The most frequently used diagnostic interview is the Schedule for Affective Disorders and Schizophrenia for School Aged Children (K-SADS; Ambrosini, 2000; Puig-Antich & Chambers, 1978; Puig-Antich & Ryan, 1986). The K-SADS is commonly used in studies of childhood mood disorders and incorporates both child and parent reports.

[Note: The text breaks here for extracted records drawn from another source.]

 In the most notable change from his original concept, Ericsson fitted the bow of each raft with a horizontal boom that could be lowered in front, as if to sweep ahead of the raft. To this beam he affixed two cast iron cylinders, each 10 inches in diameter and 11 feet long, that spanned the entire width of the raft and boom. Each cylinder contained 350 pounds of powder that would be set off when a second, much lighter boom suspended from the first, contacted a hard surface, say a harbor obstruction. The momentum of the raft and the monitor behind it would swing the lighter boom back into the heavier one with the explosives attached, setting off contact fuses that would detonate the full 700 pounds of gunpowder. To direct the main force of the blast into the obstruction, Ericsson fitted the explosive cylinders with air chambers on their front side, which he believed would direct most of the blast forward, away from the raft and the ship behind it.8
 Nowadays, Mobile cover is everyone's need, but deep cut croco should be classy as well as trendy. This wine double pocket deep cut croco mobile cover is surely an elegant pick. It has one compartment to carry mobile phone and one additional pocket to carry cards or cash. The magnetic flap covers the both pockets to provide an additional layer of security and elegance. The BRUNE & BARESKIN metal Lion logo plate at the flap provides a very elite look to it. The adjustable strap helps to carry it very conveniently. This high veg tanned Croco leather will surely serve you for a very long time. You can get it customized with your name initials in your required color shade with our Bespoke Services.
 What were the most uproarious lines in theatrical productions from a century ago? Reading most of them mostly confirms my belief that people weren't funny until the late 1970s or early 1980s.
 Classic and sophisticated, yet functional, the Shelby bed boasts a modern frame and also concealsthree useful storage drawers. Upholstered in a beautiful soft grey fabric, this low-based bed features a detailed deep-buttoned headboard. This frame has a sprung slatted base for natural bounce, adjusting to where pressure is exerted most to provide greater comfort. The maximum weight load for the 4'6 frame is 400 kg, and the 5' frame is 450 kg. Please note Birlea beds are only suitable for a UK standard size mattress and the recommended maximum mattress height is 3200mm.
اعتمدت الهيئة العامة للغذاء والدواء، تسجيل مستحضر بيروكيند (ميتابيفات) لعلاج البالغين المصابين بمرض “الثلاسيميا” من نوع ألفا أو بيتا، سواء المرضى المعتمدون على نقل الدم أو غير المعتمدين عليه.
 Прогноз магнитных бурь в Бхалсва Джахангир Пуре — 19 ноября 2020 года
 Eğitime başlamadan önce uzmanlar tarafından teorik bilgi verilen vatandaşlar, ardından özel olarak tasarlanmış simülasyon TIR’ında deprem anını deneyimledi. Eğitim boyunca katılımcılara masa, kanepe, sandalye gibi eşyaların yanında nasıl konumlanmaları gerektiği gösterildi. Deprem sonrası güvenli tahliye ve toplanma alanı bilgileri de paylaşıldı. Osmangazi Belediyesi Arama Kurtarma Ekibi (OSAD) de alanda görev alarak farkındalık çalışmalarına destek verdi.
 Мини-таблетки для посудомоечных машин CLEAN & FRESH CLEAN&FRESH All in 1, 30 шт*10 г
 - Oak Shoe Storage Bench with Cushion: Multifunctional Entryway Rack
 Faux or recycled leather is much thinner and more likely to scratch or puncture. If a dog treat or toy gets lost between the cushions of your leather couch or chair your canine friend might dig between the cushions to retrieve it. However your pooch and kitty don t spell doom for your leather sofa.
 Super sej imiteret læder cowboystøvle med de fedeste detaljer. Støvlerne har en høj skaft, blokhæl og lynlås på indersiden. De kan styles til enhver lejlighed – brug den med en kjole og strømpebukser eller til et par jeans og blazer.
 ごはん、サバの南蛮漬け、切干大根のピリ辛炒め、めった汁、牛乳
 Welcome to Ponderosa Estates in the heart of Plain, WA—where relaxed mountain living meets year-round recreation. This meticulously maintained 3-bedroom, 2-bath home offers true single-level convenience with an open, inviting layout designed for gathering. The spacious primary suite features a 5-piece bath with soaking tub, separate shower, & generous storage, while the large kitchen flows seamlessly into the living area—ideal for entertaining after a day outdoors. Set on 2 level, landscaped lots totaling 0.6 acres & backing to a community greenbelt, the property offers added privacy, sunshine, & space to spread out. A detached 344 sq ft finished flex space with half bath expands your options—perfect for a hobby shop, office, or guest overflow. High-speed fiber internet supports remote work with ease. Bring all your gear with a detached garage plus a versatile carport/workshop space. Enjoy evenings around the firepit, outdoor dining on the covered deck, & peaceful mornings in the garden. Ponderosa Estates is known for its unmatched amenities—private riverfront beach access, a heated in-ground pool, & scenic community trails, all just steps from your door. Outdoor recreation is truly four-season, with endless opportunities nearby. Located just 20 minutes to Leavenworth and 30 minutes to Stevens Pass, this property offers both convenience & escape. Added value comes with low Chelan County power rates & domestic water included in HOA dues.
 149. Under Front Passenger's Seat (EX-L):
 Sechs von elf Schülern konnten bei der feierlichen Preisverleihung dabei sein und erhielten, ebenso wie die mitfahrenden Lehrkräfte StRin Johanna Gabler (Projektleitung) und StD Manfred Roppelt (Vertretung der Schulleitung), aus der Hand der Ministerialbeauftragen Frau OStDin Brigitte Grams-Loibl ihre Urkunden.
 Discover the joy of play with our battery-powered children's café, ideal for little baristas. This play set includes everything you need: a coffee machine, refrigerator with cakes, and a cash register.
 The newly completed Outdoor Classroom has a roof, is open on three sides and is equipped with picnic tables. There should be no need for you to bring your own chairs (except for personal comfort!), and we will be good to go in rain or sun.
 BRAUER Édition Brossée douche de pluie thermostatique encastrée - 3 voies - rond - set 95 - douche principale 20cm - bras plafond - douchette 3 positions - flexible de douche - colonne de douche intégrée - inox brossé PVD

Each symptom also has a “summary score,” assigned by the interviewer after considering child and parent reports and all other available sources of clinical information, such as behavioral observations, self-report questionnaires, and teacher ratings.

Available reliability and validity estimates for the most recent K-SADS versions range from acceptable to excellent, but are based on relatively small samples (Birmaher et al., 2006; Goldstein et al., 2005; Kim, Miklowitz, Biuckians, & Mullen, 2007; Lewinsohn, Shankman, Gau, & Klein, 2004). In general, inter-rater reliability is excellent across diagnoses and test–retest reliability is excellent among mood disorders, current anxiety disorders, oppositional defiant disorder (ODD), and lifetime conduct disorder (Kaufman et al., 1997). Test–retest reliability is moderate for lifetime ADHD, posttraumatic stress disorder (PTSD), and lifetime anxiety disorders. The K-SADS demonstrates good convergent and divergent validity with behavioral checklists (Birmaher et al., 2009). The K-SADS has been adapted for use in other languages and cultures (Akdemir & Gokler, 2008; Ghanizadeh, Mohammadi, & Yazdanshenas, 2006; Kim et al., 2004; Renou, Hergueta, Flament, Mouren-Simeoni, & Lecrubier, 2004; Schoeman, Carey, & Seedat, 2009), with some available data on cross-cultural K-SADS adaptations indicating high inter-rater reliability and validity (Brasil & Bordin, 2010; Kolaitis, Korpa, Kolvin, & Tsiantis, 2003; Lauth et al., 2010; Shanee, Apter, & Weizman, 1997).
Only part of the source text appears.